The course will be delivered online, as a mixture of presentations and practical sessions via Microsoft Teams.
Registration is possible for individual sessions. Some sessions have pre-requisites which are detailed below.
All lectures will be given in English.
Session dates
Monday 13 May - morning session
Introduction to parallel computing
09:00 to 10:00 BST (8:00 to 09:00 UTC) - Lucian Anton, ECMWF
Introduction to parallel computing.
Atos environment
10:00 to 11:00 BST (9:00 to 10:00 UTC) - Xavier Abellan, ECMWF
An introduction to Atos environment at ECMWF, including login, modules, software stack, ecinteractive and file systems.
Monday 13 May - afternoon session
Virtual Computer tour
13:00 to 13:30 BST (12:00 to 12:30 UTC) - Roberto Cuccu, ECMWF
Introduction to Atos HPC architecture
13:30 to 14:15 BST (12:30 to 13:15 UTC) - Martyn Foster, Atos
Storage Architecture and Lustre
14:15 to 15:00 BST (13:15 to 14:00 UTC) - Martyn Foster, Atos
An introduction to Atos HPC architecture, including:
- Macro architecture
- AMD Rome
- InfiniBand
Storage Architecture and Lustre:
- Lustre Architecture
- System design
- Filesystems
An overview of the supercomputer architecture at ECMWF, including descriptions of the principal components and how they connect to provide a resilient performant supercomputer.
This is an informative presentation with no prerequisites.
Tuesday 14 May - morning session
SLURM and job scheduling
09:00 to 10:00 BST (08:00 to 09:00 UTC) - Martyn Foster, Atos
Using Lustre effectively
10:00 to 11:00 BST (09:00 to 10:00 UTC) - Martyn Foster, Atos
This session explains:
- How to use SLURM, the resource management system deployed on the supercomputers to run and manage parallel and serial jobs on the HPC systems.
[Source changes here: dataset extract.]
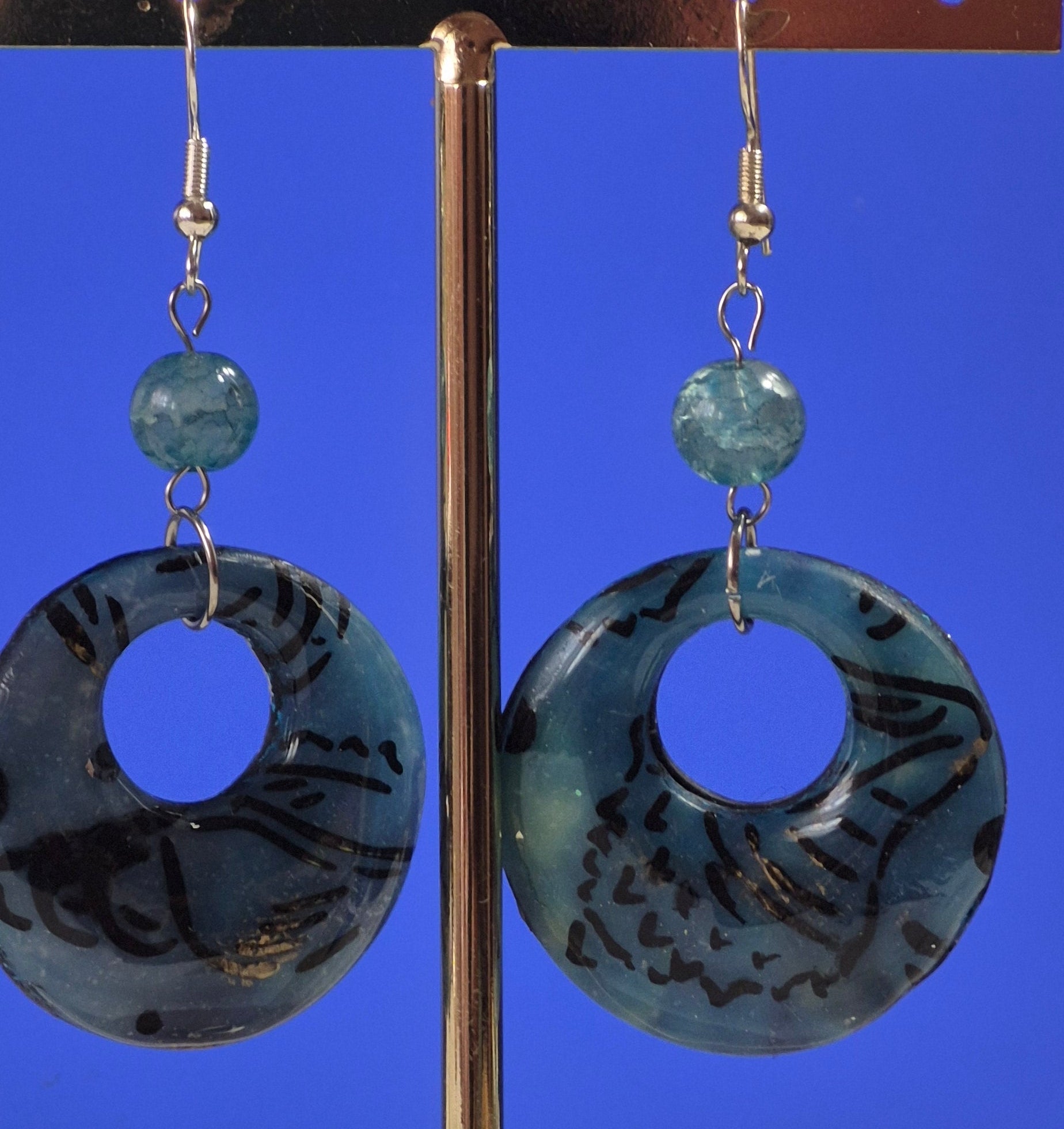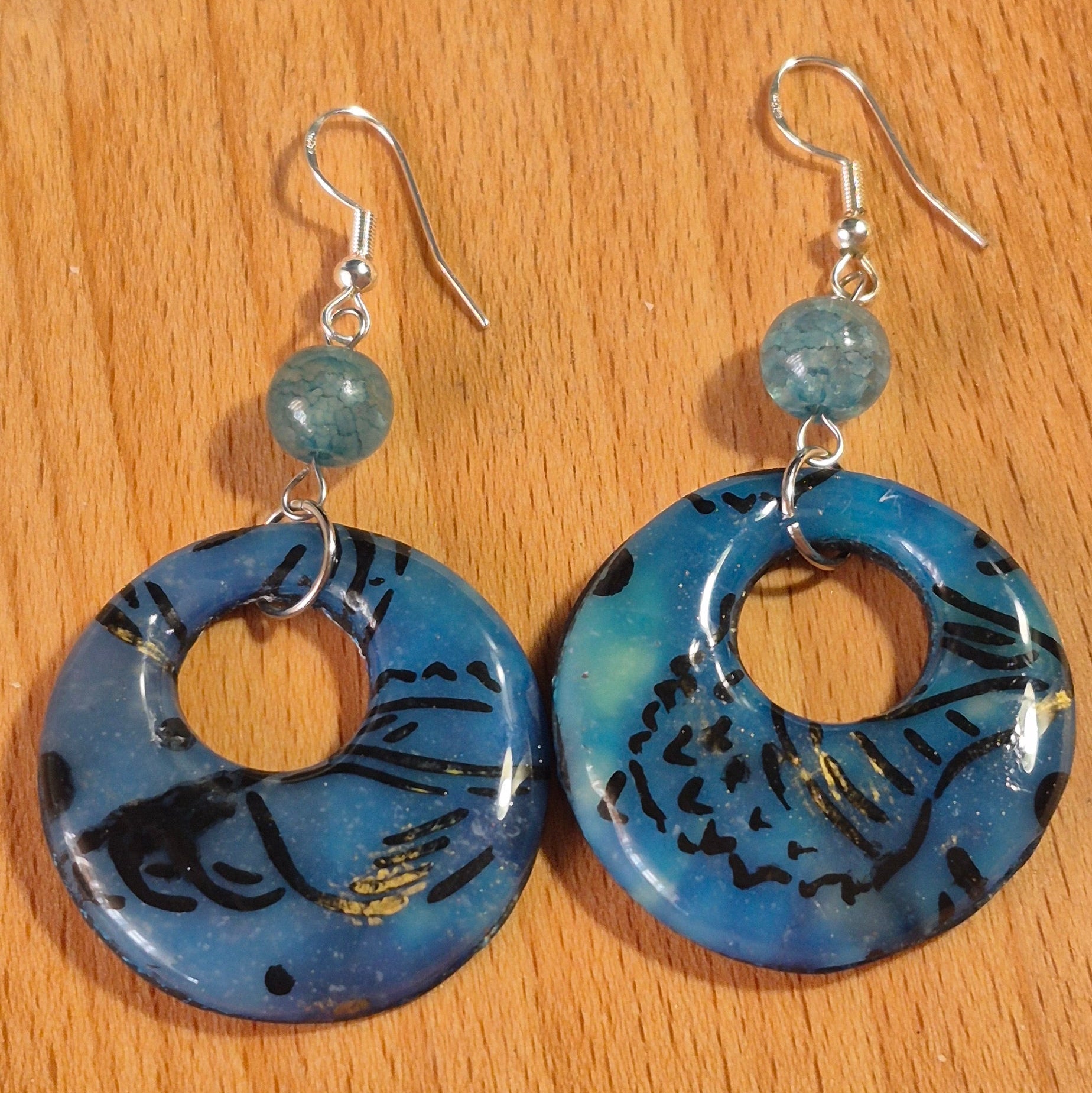 Los pendientes Aguas Profundas evocan la serenidad y el misterio del océano. Hechos a mano en arcilla polimérica, presentan un acabado brillante en tonos azul zafiro y turquesa, con delicados detalles en negro y dorado que recuerdan las corrientes marinas.

- How to best use the parallel filesystems within applications and what tools can be used to examine and modify IO behaviour
This is an informative session with some practical activity.
It is advised to attend the previous session.
Tuesday 14 May - afternoon session
Compiling and running a parallel programme on the HPC systems
13:00 to 15:00 BST (12:00 to 14:00 UTC) - Martyn Foster, Atos
Presentations including:
- Compilers - Intel
- MPI - OpenMPI
- MPI - IntelMPI
This module goes into depth regarding use of the predominant programming environments on the HPC systems. The Intel compilers and Message Passing Interface libraries.
This is an advanced informative session with some classroom activity.
It is advised that attendees have used the HPC systems before and are conversant in C or Fortran.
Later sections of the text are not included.